Data items
######
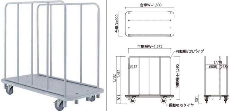 | キャスター | ストッパー付き振動吸収キャスター |
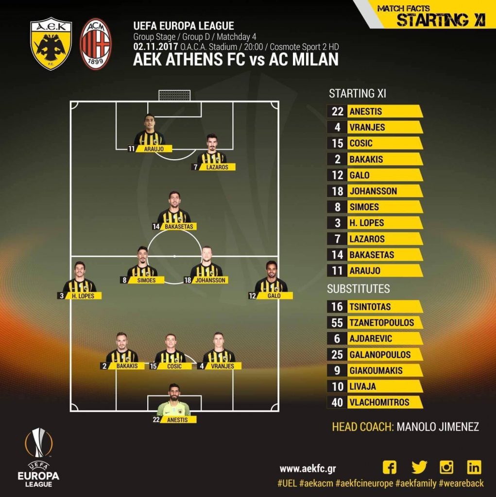 Η εντεκάδα της ΑΕΚ αποτελείται απ’ τους: Ανέστης, Βράνιες, Τσόσιτς, Μπακάκης, Γκάλο, Λόπες, Σιμόες, Γιόχανσον, Μπακασέτας, Λάζαρος, Αραούχο.
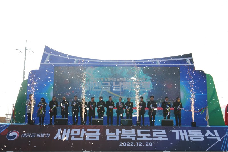 [군산=뉴시스]고석중 기자 = 새만금개발청이 28일 새만금 남북도로 1단계 시점부인 엑스포교차로에서 개통식을 개최했다.
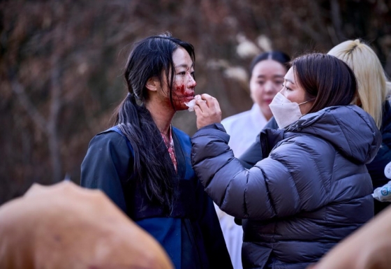 공개된 사진 속엔 김고은이 얼굴에 경문을 가득 쓴 모습은 물론 영화 속 대살굿 장면에서 강렬히 보인 피 분장 현장까지 담겨있다. 특히 경문이 적혀있는 사진엔 긴박했던 감정이 모두 드러나 이목을 집중시킨다.
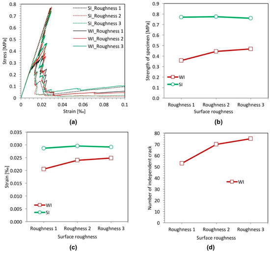 Figure 12 shows the stress-strain relations, the strength, the strain at peak stress and the number of independent cracks for different particle surface roughnesses. The figure shows that in the specimens with a strong filler-matrix interface (SI), the surface roughness of the filler particles has little effect on the strength and the strain at the peak stress of cement paste specimens. For the cement paste specimens with a weak filler-matrix interface (WI), the surface roughness of the filler particles has a significant influence on the mechanical response of the cement paste specimen. Figure 12b,c shows that the strength and strain at the peak stress of specimens increase with increasing surface roughness. This is possibly because that the rougher surface makes initial cracks harder to connect and to cause final damage.
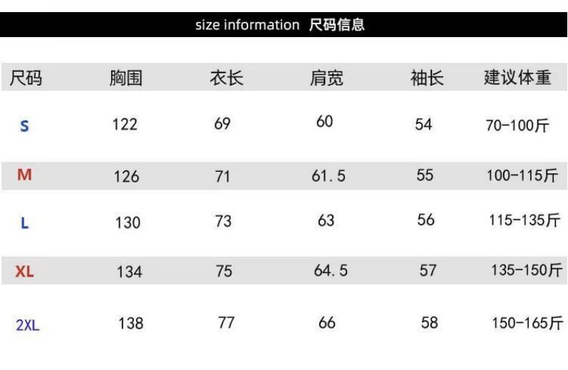 S, M, L, XL, XXL
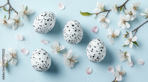 © Johannes, Fototapeta premium Frame with white and blue speckled easter eggs and cherry blossoms on light blue background. Happy Easter concept. Simple spring template, greeting card, banner. Top view, flat lay with copy space
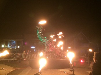 ![]() ![]() | Paka The UncredibleElsie DragonEven voorstellen! Een grootschalige animatronic kinetische sculptuur (zeven meter lang / zes meter vleugelspanwijdte). Gebeeldhouwd uit gevormd staal, gevonden voorwerpen en overtollige technologie. Hand bewerkte vloeiende bochten zorgen voor een organisch gevoel als contrast met de industriële gerecyclede onderdelen die je in de draak kunt zien.. De draak is in staat om 36 verschillende bewegingen uit te voeren, zoals het klapperen van haar bek, het uitstrijken van de vleugels en het bewegen van de poten. Er zijn 30 verschillende speciale effecten ingebouwd waaronder, rook, licht, geluid en vuur. Elsie heeft een propaangas vuur systeem. Ze spuwt vuur zoals iedere zichzelf respecterende draak dit doet. Het publiek kan haar zelf bedienen door middel van knopkastjes die opgehangen worden. Elsie Dragon is een "innemende" draak robot .. altijd op zoek naar vers vlees festival. Maak je geen zorgen, ze bijt niet ze spuugt alleen vuur. ![]() |
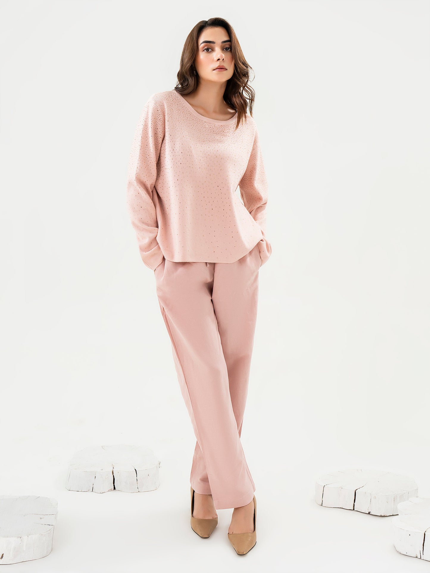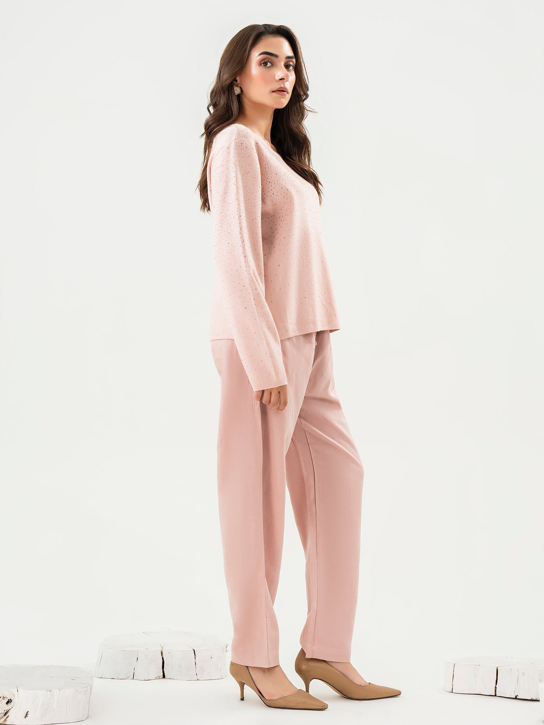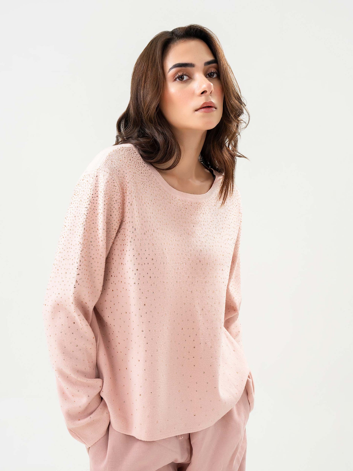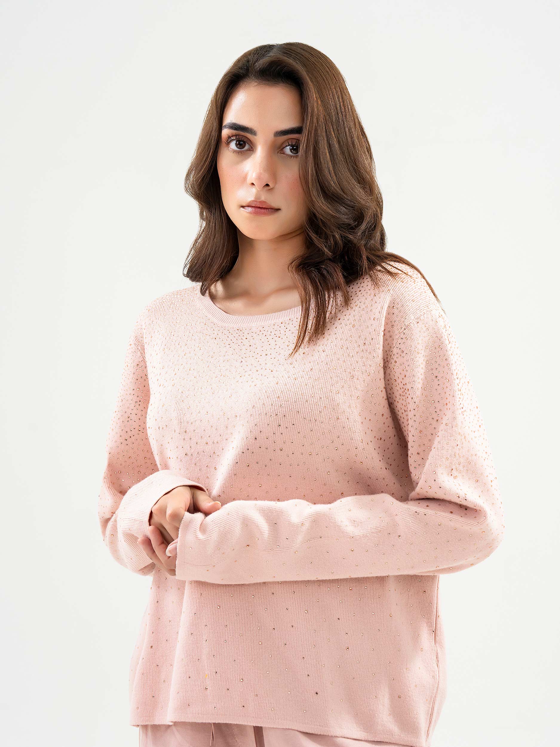 - Dyed rhinestone embellished sweater
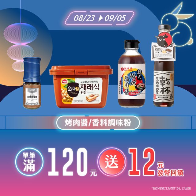 08/23 - 09/05 威士忌、白蘭地|單筆滿2000元 送150元 威士忌/白蘭地商品抵用券 烤肉醬/香料調味粉|單筆滿120元送12元發幣回饋 DM第19頁至21頁 型錄飲料/啤酒|任兩組 享95折優惠 全館任一冷凍商品|送69元進口挪威鯖魚一夜干加購券 文具用品|單筆滿399元 送40元現金抵用券 應該是專門為中秋烤肉的活動 -- ※ 發信站: 批踢踢實業坊(www.ptt.org.tw), 來自: 110.28.26.50 (臺灣) ※ 文章網址: https://www.ptt.org.tw/Lifeismoney/M.1724305489.A.70F
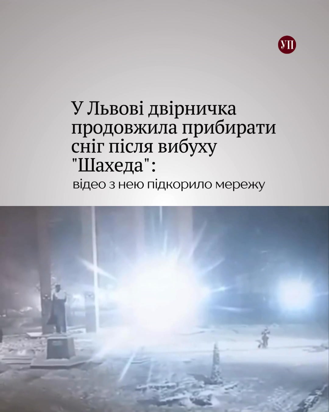 Уранці російський безпілотник впав і вибухнув на дитячому майданчику біля пам’ятника Степану Бандері у Львові — у цей час там працювали комунальники, зокрема двірничка пані Ольга. Одразу після детонації “Шахеда” жінка продовжила прибирати сніг.
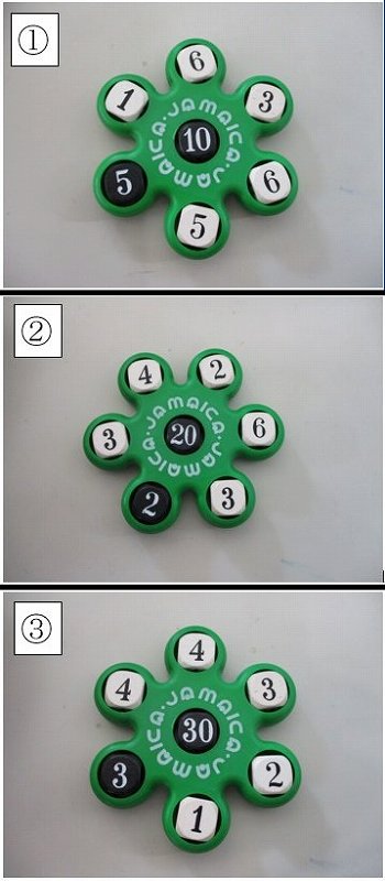 まず1.黒のサイコロの答えは10+3=13
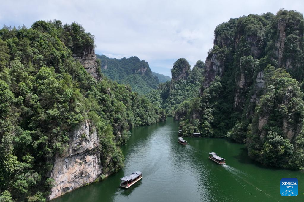 An aerial drone photo taken on June 16, 2025 shows tourists taking boats for sightseeing in the Baofeng Lake of Wulingyuan District in Zhangjiajie, central China's Hunan Province. (Photo by Wu Yongbing/Xinhua)
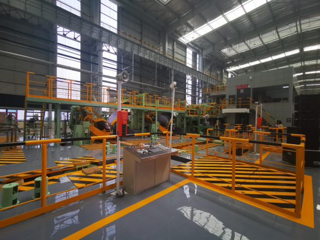 在酸洗係統中,采用中冶南方自主研發的矽鋼高效酸洗工藝,通過高效紊流酸洗槽、酸濃度模型、酸液脫矽新工藝等係列裝備技術,提升帶鋼表麵質量的同時,降低生產成本,助力節能減排、綠色環保。
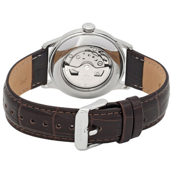 Silver-tone stainless steel case with a brown leather strap. Fixed silver-tone stainless steel bezel. Champagne dial with black hands and index hour markers. Minute markers around the outer rim. Dial Type: Analog. Date display at the 3 o'clock position. Automatic movement. Scratch resistant mineral crystal. Pull / push crown. Transparent case back. Round case shape, case size: 38.4 mm, case thickness: 12.5 mm. Band width: 20 mm. Tang clasp. Water resistant at 30 meters / 100 feet. Functions: date, hour, minute, second. Contemporary Classic Series. Casual watch style. Orient Contemporary Classic Champagne Dial Men's Watch RA-AC0M04Y10B.
######
— What to produce —
What is needed is an exact copy of the lines above, from the one holding "[군산=뉴시스]고석중 기자 = 새만금개발청이" down to the one holding "공개된 사진 속엔 김고은이", with those two included and the pictures left out.

— The completed task —
 [군산=뉴시스]고석중 기자 = 새만금개발청이 28일 새만금 남북도로 1단계 시점부인 엑스포교차로에서 개통식을 개최했다.
 공개된 사진 속엔 김고은이 얼굴에 경문을 가득 쓴 모습은 물론 영화 속 대살굿 장면에서 강렬히 보인 피 분장 현장까지 담겨있다. 특히 경문이 적혀있는 사진엔 긴박했던 감정이 모두 드러나 이목을 집중시킨다.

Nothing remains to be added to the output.